Cell-Based Flu Vax Not Superior to Egg-Based Vax in Study


Cell culture-based inactivated influenza vaccine (IIV) was not significantly more effective than egg-based IIV against influenza A during the 2017-2018 flu season, a researcher said here.
The relative vaccine effectiveness of cell culture-based IIV versus egg-based IIV against influenza A was 8% (HR 0.92, 95% CI -10% to 23%, P=0.36), but the difference between the two was non-significant, Nicola Klein, MD, of Kaiser Permanente in Oakland, California, reported.
Klein said that reports from the CDC indicated that vaccine effectiveness (VE) against the predominant strain in the 2017-2018 season, influenza A (H3N2), was around 24% on average.
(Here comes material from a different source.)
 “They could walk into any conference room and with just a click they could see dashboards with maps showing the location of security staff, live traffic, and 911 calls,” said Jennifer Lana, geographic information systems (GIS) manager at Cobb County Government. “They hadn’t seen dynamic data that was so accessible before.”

She added that “this lower-than-expected VE was hypothesized to be partially related to genetic changes arising in the vaccine during passage in eggs,” and that this “raises the question of whether cell-culture based inactivated influenza vaccines are more effective.”
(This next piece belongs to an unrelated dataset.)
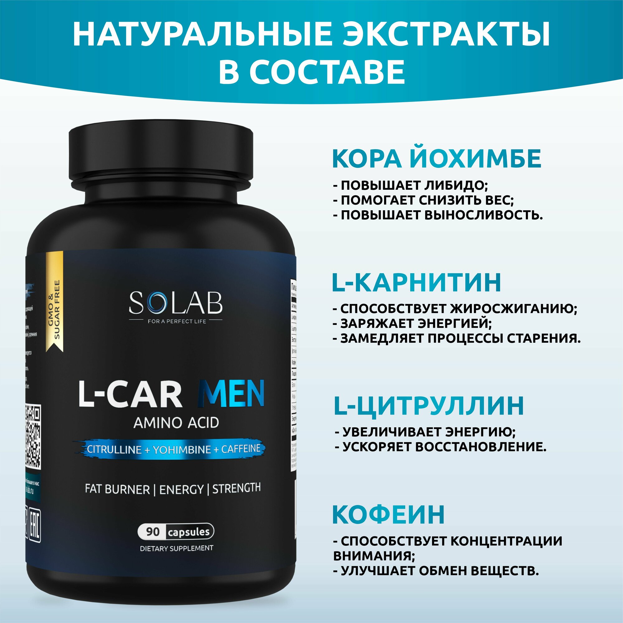 SOLAB L-Carnitine Men, для мужчин, энергетик, л-карнитин жиросжигатель, для похудения, 90 капсул интересное:

In a separate video interview unrelated to the study, William Schaffner, MD, professor of preventive medicine and infectious diseases at Vanderbilt University in Nashville, spoke in general about upcoming advances in flu vaccines — characterizing the current flu vaccine as “good, but not great.” Schaffner touched on the hope surrounding new technologies, such as cell-based vaccines.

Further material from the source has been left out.